Beyond avoiding regulatory fines and providing internal costs savings, institutions also recognise that customers want a seamless experience. Perhaps unexpectedly, these two things can go hand in hand.

In modern times, customers have grown accustomed to speed and ease-of-use when making purchasing decisions. Woolworths, Blockbuster, and HMV have been replaced with Amazon, Deliveroo, Google and Netflix. Customers want things quickly, easily and without effort.

Companies respond to the higher costs of AML compliance with more automation and more digitisation, carving efficiencies and pulling away from previously manual processes. The following explores some key questions to consider when embarking on this process.

  1. Is there one KYC vendor who can provide everything

Companies occasionally approach us specifically looking to purchase their entire KYC package from one vendor and there are advantages to this. For example, there are benefits to having one partner who understands the customer journey and predicts the future requirements; if questions need an answer or problems arise, one partner from which to get support; or just one partner to process through the procurement channels, an often-onerous procedure.

There is however more to consider and to start that process we can think about KYC solutions as split into Software and Data.

For data, there are fundamental elements that support the automated customer journey, these include AML screening data (Sanctions / PEPs) and ID Verification data (auto-verification of an individual’s identity).
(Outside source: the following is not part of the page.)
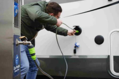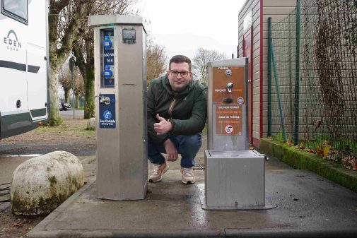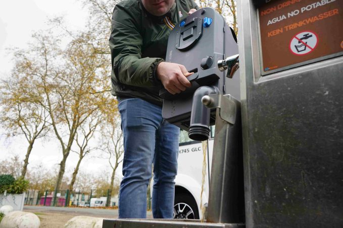 Pour faire le plein du réservoir d’eau claire, vous devrez impérativement vous équiper d’un tuyau et de plusieurs embouts pour vous raccorder aux robinets. Car il n’existe pas, hélas !, de système universel. En vous rendant dans une jardinerie ou un magasin de bricolage, vous trouverez tous types d’embouts et de tuyaux. Un conseil : choisissez-en un qui se vide lorsque vous l’enroulez. Vous éviterez de vous retrouver avec quelques litres d’eau qui pourraient se déverser dans la soute. L’inconvénient de ce type de tuyau est qu’il faut le dérouler complètement pour l’utiliser. L’avantage, outre le fait qu’il ne déverse pas d’eau quand on le range, est qu’il est peu encombrant. Lorsqu’on remplit le réservoir, la pression ne doit pas être trop forte. Sinon le système d’évent dysfonctionne et le liquide refoulera. Pour supprimer ce phénomène, les accessoiristes vendent un bouchon avec embout type “Gardena”, pas cher et très pratique. Dernier petit conseil concernant le plein d’eau : n’oubliez pas de remette en place le bouchon de remplissage avant de quitter l’aire. Nombreux sont les camping-caristes qui le laissent sur le bord d’un muret. Placer un autocollant pense-bête à hauteur d’œil, au-dessus de l’orifice de remplissage, est une méthode comme une autre pour éviter cet oubli.

Beyond that there is a universe of additional data that can be consumed, depending on the specific need of the company.  Director and UBO data (for onboarding companies), Bank Account verification, Crypto Wallet verification, Digital Signatures, Fraud checks, Criminal Record checks, Credit Checks, Adverse Media Screening, Social Media Screening and much more.

While one provider can supply both data and software, there is no current supplier who will provide solutions for the entire range of data that is available. For this reason, modern KYC suppliers can open their clients to an eco-system of third-party data solutions, which integrate with their own technology, giving a best-in-class Software/Data package.

The solution that is right for the company depends on the complexity of the operation, along with the customer demographic and the existing technology in place. For some, this is one vendor providing both software and data; for others it is a combination of separate data providers, integrated into a software solution.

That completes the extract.